Em vez de adaptar diretamente a campanha de Geralt, Adventure Game procurou transformar em mecânicas aquilo que sempre definiu a experiência de ser um witcher.

Viajar pelo Continente.

Aceitar contratos.

Investigar acontecimentos misteriosos.

Enfrentar monstros.

Administrar recursos.

E tomar decisões durante a jornada.

Os jogadores podiam assumir o papel de Geralt de Rívia, Triss Merigold, Jaskier e Yarpen Zigrin, cada um com habilidades próprias e maneiras diferentes de enfrentar os desafios apresentados pelo tabuleiro.

Embora sua narrativa não introduzisse grandes acontecimentos inéditos para a cronologia da franquia, o jogo teve uma importância enorme.

Ele provou que The Witcher funcionava perfeitamente fora dos videogames.

Mais do que transportar personagens conhecidos para outro formato, Adventure Game mostrou que a essência da franquia podia ser traduzida para uma experiência de mesa sem perder sua identidade.

E, sem que muitos percebessem na época, abriu caminho para projetos muito mais ambiciosos que surgiriam nos anos seguintes.

The Witcher Game Aventure.

The Witcher: Old World mostrou um Continente que nunca vimos nos videogames

Se The Witcher Adventure Game abriu as portas para a franquia no universo dos jogos de tabuleiro, foi The Witcher: Old World que mostrou até onde esse formato poderia chegar.

Lançado em 2023 após uma campanha extremamente bem-sucedida no Kickstarter, o jogo rapidamente chamou atenção pelo enorme número de miniaturas, pela qualidade de produção e pelo sistema de combate baseado em cartas.

Mas seu maior mérito não está em nenhum desses aspectos.

O verdadeiro diferencial de Old World está na história que escolheu contar.
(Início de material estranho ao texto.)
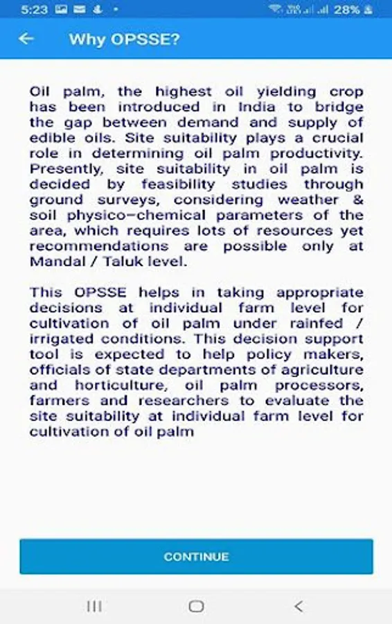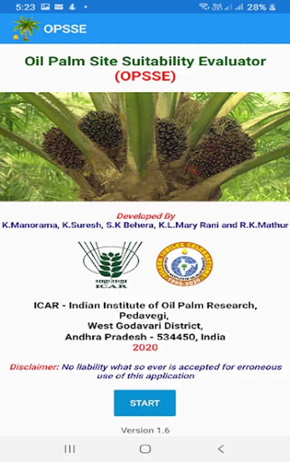 Oil palm, the highest oil yielding crop has been introduced in India to bridge the gap between demand and supply of edible oils. Site suitability plays a crucial role in determining oil palm productivity. Presently, site suitability in oil palm is decided by feasibility studies through soil physico-chemical parameters of the area, which requires lots of resources yet recommendations are possible only at Mandal/Taluk level. This OPSSE helps in taking appropriate decisions at individual farm level for cultivation of oil palm under rainfed / irrigated conditions to help policy makers, officials of state departments of agriculture and horticulture, oil palm processors, farmers and researchers to evaluate the site suitability at individual farm level for cultivation of oil palm.

Enquanto os livros de Andrzej Sapkowski e os jogos da CD Projekt RED mostram um Continente em que os bruxos estão desaparecendo e os monstros se tornam cada vez mais raros, Old World volta centenas de anos no passado para uma época completamente diferente.

Uma era em que os witchers ainda eram numerosos.

As Escolas dos Bruxos estavam em pleno funcionamento.

Novos aprendizes eram treinados constantemente.

E os contratos contra monstros faziam parte da rotina do Continente.

Era, em outras palavras, o mundo para o qual os bruxos haviam sido criados.

Essa simples mudança cronológica permitiu explorar um período que sempre despertou curiosidade entre os fãs, mas que até então aparecia apenas em pequenas referências espalhadas pelos livros e pelos jogos eletrônicos.

The Witcher: Old World

A Era de Ouro dos Bruxos

Grande parte da história de The Witcher acompanha o declínio dos witchers.

Quando conhecemos Geralt de Rívia, Kaer Morhen já está parcialmente destruída, poucas escolas permanecem ativas e quase todo o conhecimento necessário para criar novos bruxos foi perdido.

Essa decadência faz parte da identidade da franquia.

Mas também deixa uma pergunta inevitável.

Como era o Continente antes desse declínio?

Old World responde justamente essa questão.

O jogador é transportado para uma época em que as grandes Escolas dos Bruxos coexistiam, treinavam novos membros e disputavam prestígio em um mundo muito mais hostil.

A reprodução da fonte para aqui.